TASK STATEMENT: Beginning at the line that contains "The Y Lithium", reproduce the entries below exactly, ending with the line that contains "Realistic, Crystal Healing". Omit each picture.

(Records drawn from a dataset)

"""

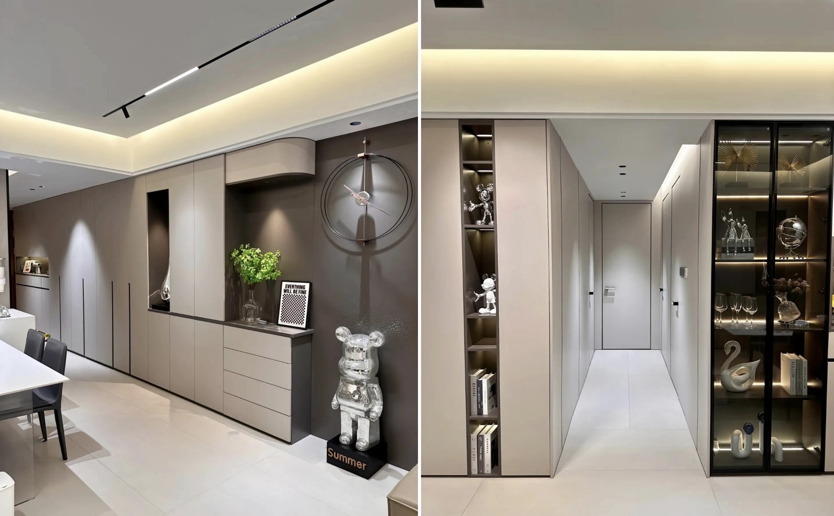 1. A casa inteira é pavimentada com 1500*750 ladrilhos foscos cinza quentes, usando a mesma cor da areia de cor epóxi, sem pedras limiares, tornando o espaço mais transparente.
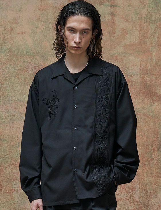 フロントには身頃と同色のオリジナルグラフィックのツバメとフラワーモチーフのハイクオリティの刺繍が入り、まさに大人のオープンカラーシャツ。
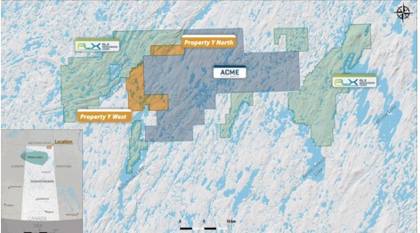 The Y Lithium Project is located in a remote and underexplored region near Bailey Lake, approximately 160 kilometers northeast of Stony Rapids and 10 kilometers south of the Saskatchewan/Northwest Territories border. The project comprises four mineral claims across two distinct blocks, covering a total area of approximately 5,856 hectares. It forms a core part of Battery X Metals’ 2025 exploration strategy targeting high-potential lithium-bearing systems in strategic jurisdictions across Canada.
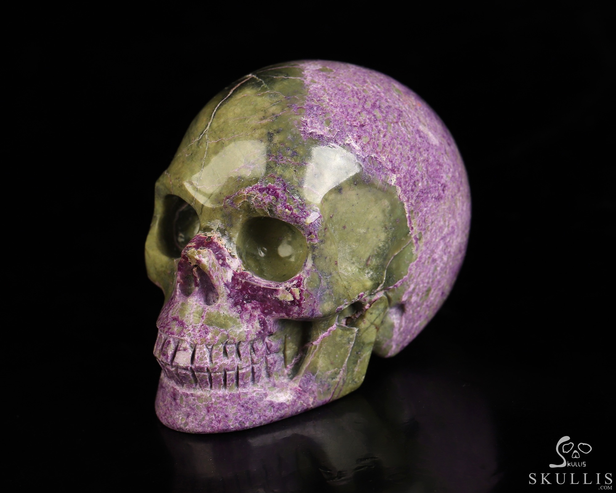Gemstone 4.1" Stichtite and Serpentine Hand Carved Crystal Skull, Super Realistic, Crystal Healing
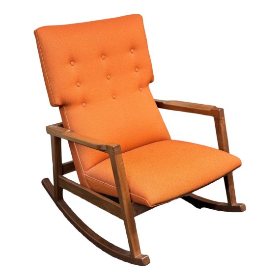 Design Plus Gallery presents the Risom Rocker designed by Jens Risom for Design Within Reach. The Risom Rocker (2009) is a wonderful Ducal Wool upholstered rocking chair with a high back and sculpted armrests for comfortable head and arm support. The smooth and balanced feeling can be attributed to a hidden counterweight hidden in the front rail. It has a mid-century nod with nine-button tufted back, a classic solid walnut Danish modern aesthetic that can be found in all his work. Little evidence of wear; condition is good for age and use. Made in U.S.A.
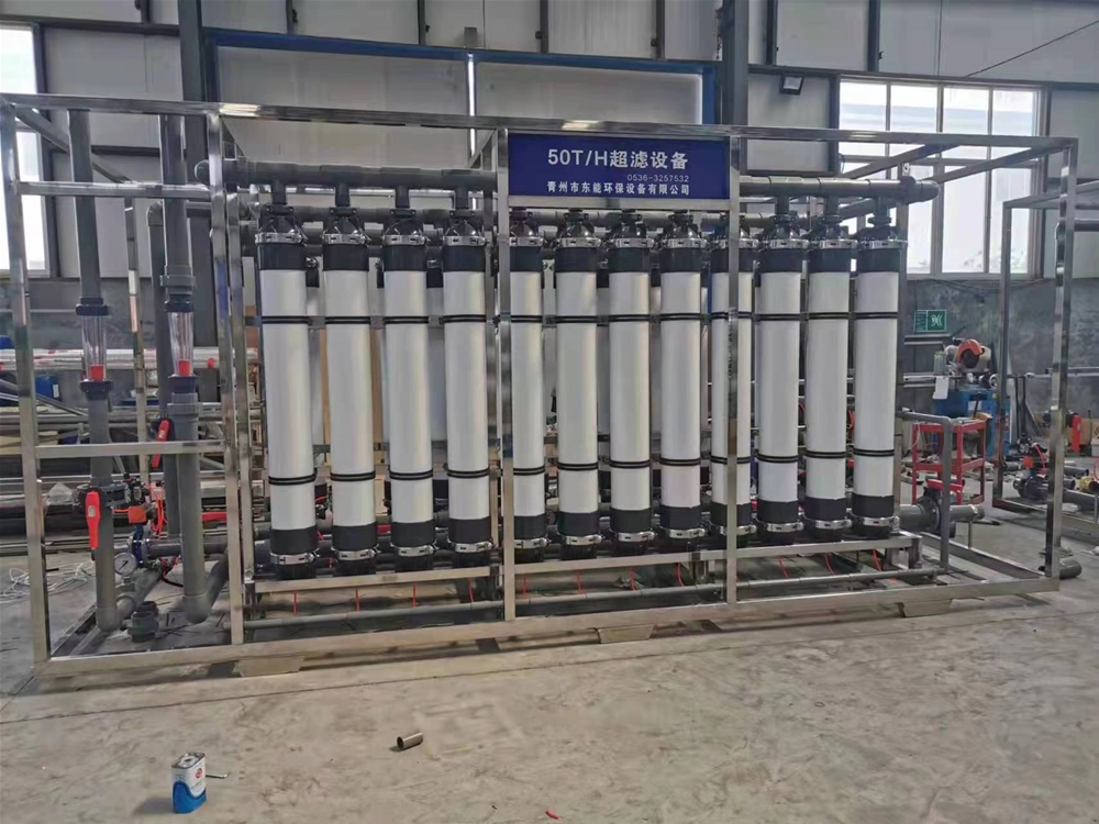 超濾,是以壓力為推動力,利用超濾膜不同孔徑分離出液體中的雜質、細菌、膠體、懸浮物、蛋白質等物質,溶解于水中的分子類物質得以保留,如鈣、鎂、硅、金屬離子等而獲取成品水的系統裝置,膜過濾孔徑一般為0.01μm。
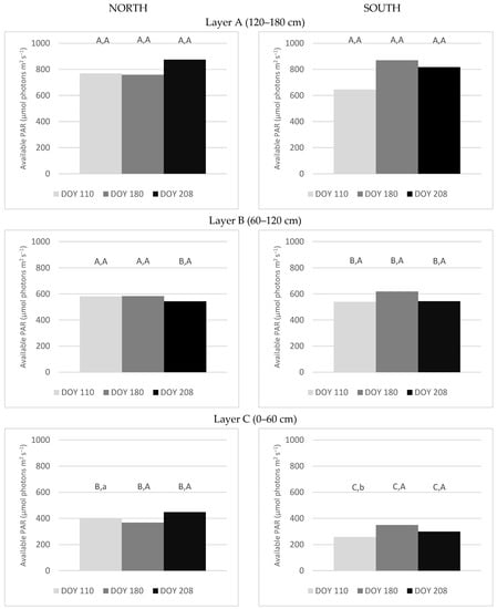 Available PAR (μmol photons m2 s−1) in layers (A, B and C) of orchard with east-west orientation (north and south exposures) on three DOYs. The first letter denotes significant differences between layers for a given exposure and DOY (n = 45; p = 0.05/0.01; SNK test); the second letter denotes significant differences between exposure for a given layer and DOY (n = 90; p = 0.05/0.01; SNK test). Lower case letters denote statistical differences with p = 0.05. Capital letters denote statistical differences with p = 0.01.

"""

SOLUTION:
 The Y Lithium Project is located in a remote and underexplored region near Bailey Lake, approximately 160 kilometers northeast of Stony Rapids and 10 kilometers south of the Saskatchewan/Northwest Territories border. The project comprises four mineral claims across two distinct blocks, covering a total area of approximately 5,856 hectares. It forms a core part of Battery X Metals’ 2025 exploration strategy targeting high-potential lithium-bearing systems in strategic jurisdictions across Canada.
Gemstone 4.1" Stichtite and Serpentine Hand Carved Crystal Skull, Super Realistic, Crystal Healing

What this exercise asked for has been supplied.